Offline Reinforcement Learning for Autonomous Driving with Safety and Exploration Enhancement
This work addresses safety and exploration challenges in offline RL for autonomous driving, offering an incremental improvement over existing methods.
The paper tackled the problem of conservative policies and limited exploration in offline reinforcement learning for autonomous driving by enhancing BCQ with learnable parameter noise and a Lyapunov-based safety strategy, resulting in outperformance over conventional RL and state-of-the-art offline RL algorithms in highway and parking scenarios.
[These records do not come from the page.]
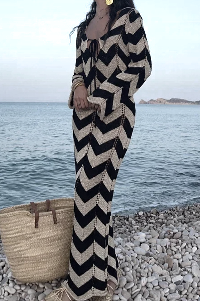 Ursula® | Sexy color block dresses with lace up V neck single tier skirt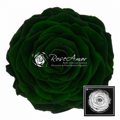Stabilizovaná tmavě zelená růže v krabičce XXL od Rose Amor, zachycená v nejlepším okamžiku svého květu, je uměleckým dílem přírody, pečlivě stabilizováno, aby si zachovala svůj půvab po nespočetné roky.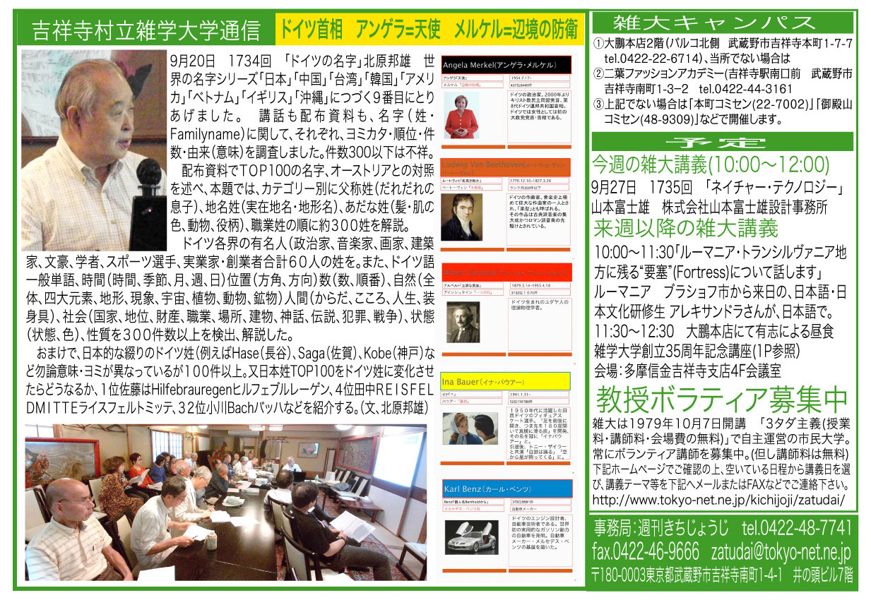 | 9月20日 1734回 | 「ドイツの名字」北原邦雄 | |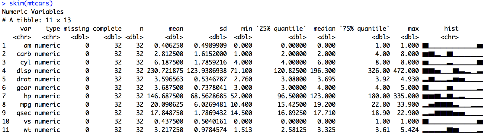 skimrSummary: skimr, a package inspired by Hadley Wickham’s precis package, aims to provide summary statistics iteratively and interactively as part of a pipeline. The package provides easily skimmable summary statistics to help you better understand your data and see what is missing.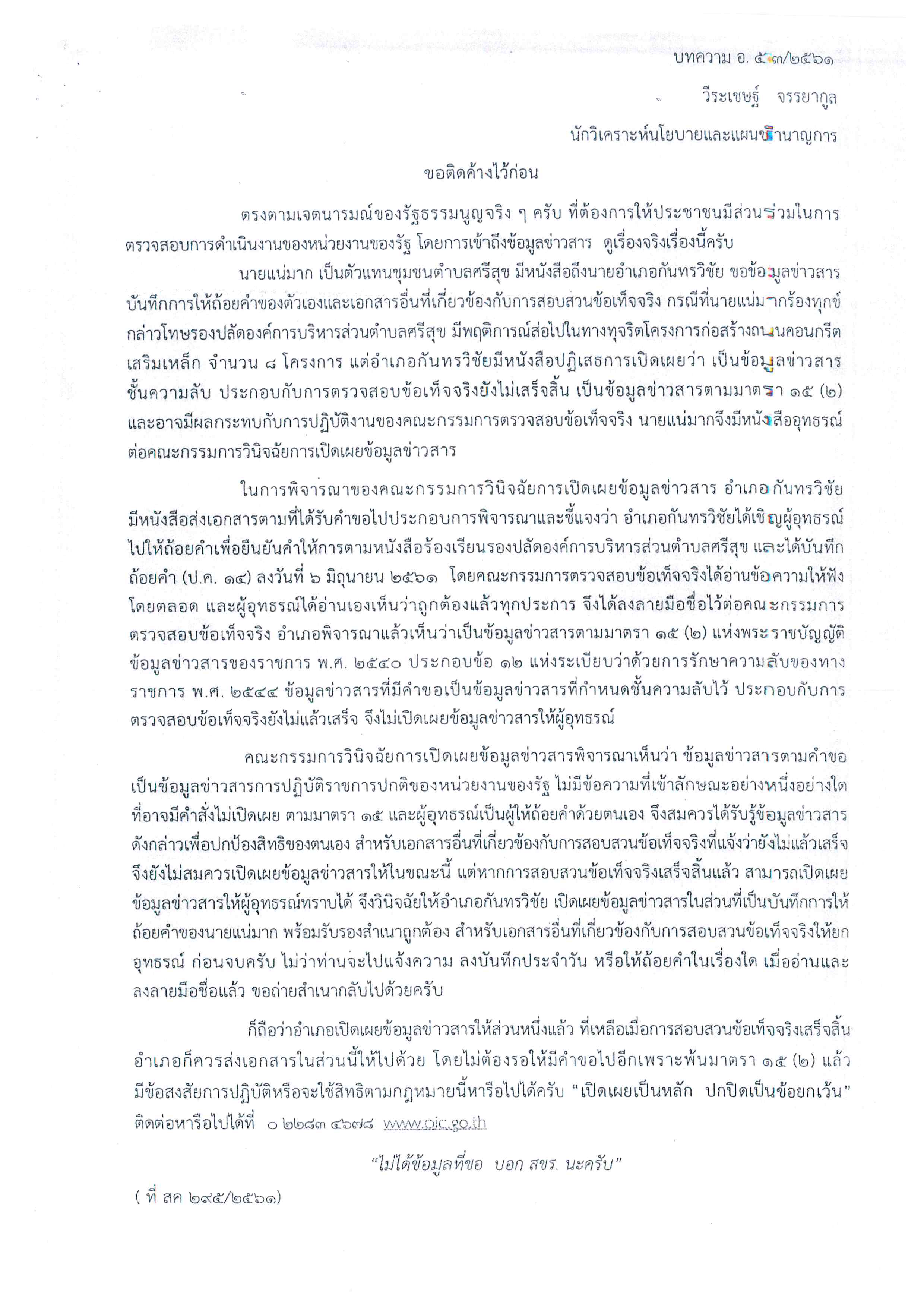 โดย สำนักงานคณะกรรมการจ้อมูลข่าวสารของราชการ สำนักงานปลัดสำนักนายกรัฐมนตรี

Reinforcement learning (RL) is a powerful data-driven control method that has been largely explored in autonomous driving tasks. However, conventional RL approaches learn control policies through trial-and-error interactions with the environment and therefore may cause disastrous consequences such as collisions when testing in real-world traffic. Offline RL has recently emerged as a promising framework to learn effective policies from previously-collected, static datasets without the requirement of active interactions, making it especially appealing for autonomous driving applications. Despite promising, existing offline RL algorithms such as Batch-Constrained deep Q-learning (BCQ) generally lead to rather conservative policies with limited exploration efficiency. To address such issues, this paper presents an enhanced BCQ algorithm by employing a learnable parameter noise scheme in the perturbation model to increase the diversity of observed actions. In addition, a Lyapunov-based safety enhancement strategy is incorporated to constrain the explorable state space within a safe region. Experimental results in highway and parking traffic scenarios show that our approach outperforms the conventional RL method, as well as state-of-the-art offline RL algorithms.